After that we need to create a container where our data will be stored, I created one named dataloc:
Also, we need to enable Data Lake Gen2, but first let’s disable ENABLE SOFT DELETE FOR BLOBS, without disabling it we’ll receive an error when upgrading to Gen2
Then we can do the upgrade:
3 – Azure Data Factory
We’ll use Azure Data Factory to create a pipeline to transfer data from our local SQL Server to the Azure Data Lake.
For this to work we need to set up a connection to our on-premises SQL , so it can be used as a data source, this way we avoid setting up a site to site connection or a VPN.
(Data Factory instance)
(Data Factory home page)
Now we’re gonna need to configure a self-hosted integration runtime.
The steps to configure Integration Runtime are the following:
Azure Portal → Data Factory → Manage → Integration Runtimes —> New
Then you’re gonna need to download and install the integration runtime in the SQL Server host.
Once installed, it’ll ask for the authentication key from the previous step:
Then finally our on-premises server is registered and connected with Azure Data Factory:
Returning to the portal we can see our integration runtime:
Back to the home page, click on Ingest:
It’ll open the copy data tool, for now we’ll use the “Built-in copy task” with “Run once now” to run a single load.
Here we need to click on New connection and choose our self-hosted in connect via integration runtime
If our connection was successful then we can click create
Once connected you’ll see a list of all tables in the database, you can choose multiple tables to export or create a query to export specific data, in this lab we’re gonna use a query to get a subset of records from the Posts table.
Now, let’s set up our target destination, clicking on new connection:
Then let’s select our container created earlier:
We have some options to choose, I’ll use Parquet format and snappy compression.

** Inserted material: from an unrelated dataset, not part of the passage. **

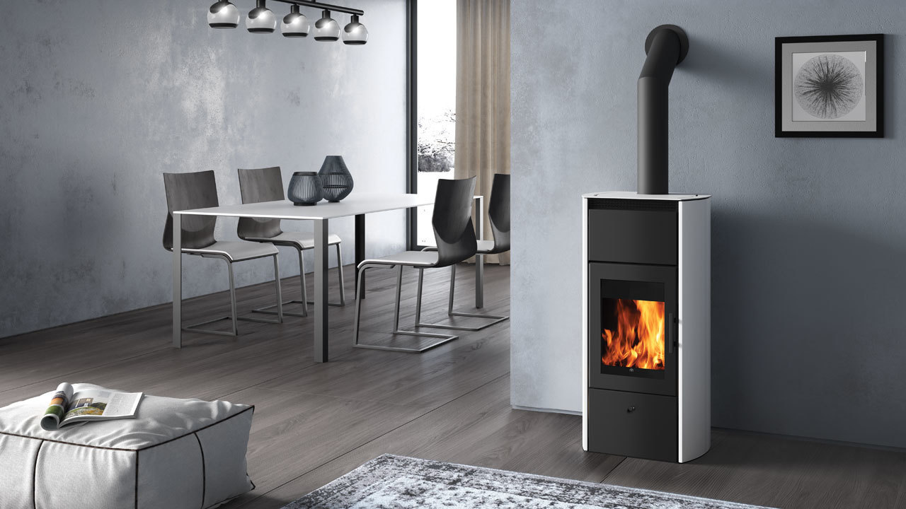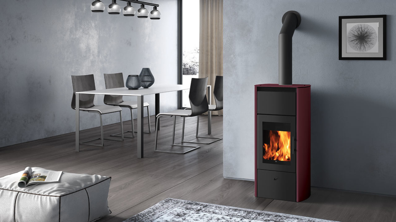 Flamma è la termostufa a legna caratterizzata dall’ampio vetro che esalta la visione della fiamma.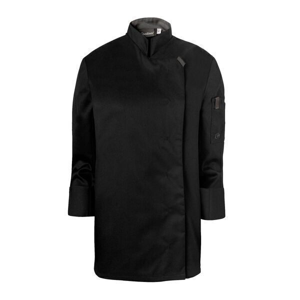 Veste de cuisine femme à col officier. Fermeture asymétrique avec patte en gros grain, 7 boutons-pression cachés. Œillets d'aération. Fentes côtés. Pinces dos. Manches longues avec poche côté gauche dont un compartiment stylo.

Next, we have to configure: task name and logging options:
Then we’ll see the summary of all operations:
Deployment completed, now we can monitor our pipeline and see the results:
We can also take a look at the pipeline created, if we need to add a table or remove from the routine, it can be done from here:
Accessing our container, all data copied will be there:
4 – Azure Synapse Analytics
With our data saved, now we’ll create a Synapse Workspace to consume the parquet file, but first let’s add the resource provider for the synapse service into our subscription:
Now let’s create the Synapse Workspace linking the storage account and the container that will be used:
At this point you should have the following resources created:
Getting back to Synapse, enter the url for the workspace, and in the home page click on:
New —> SQL script
Accessing the data toolbar, we can see all of our files in this workspace:
Clicking with the right mouse button in the file we can query it or load:
Now the best part, we can also create a database and load our parquet files, I created a database named BI and a view named BI_POSTS containing the parquet file from the Posts table:
If you have a PowerBI workspace you can link with Synapse and start using it as a source for your dashboards.
5 – Conclusion
+++ This lab was meant to show how it’s simple to integrate our on-premises environment with Azure.
+++ We exported our local data to the cloud and stored it in a container.
+++ From the many options available, I chose to use Synapse to work with the data stored.
+++ In a production environment we would have used specific users with the principle of least privilege and restricted access.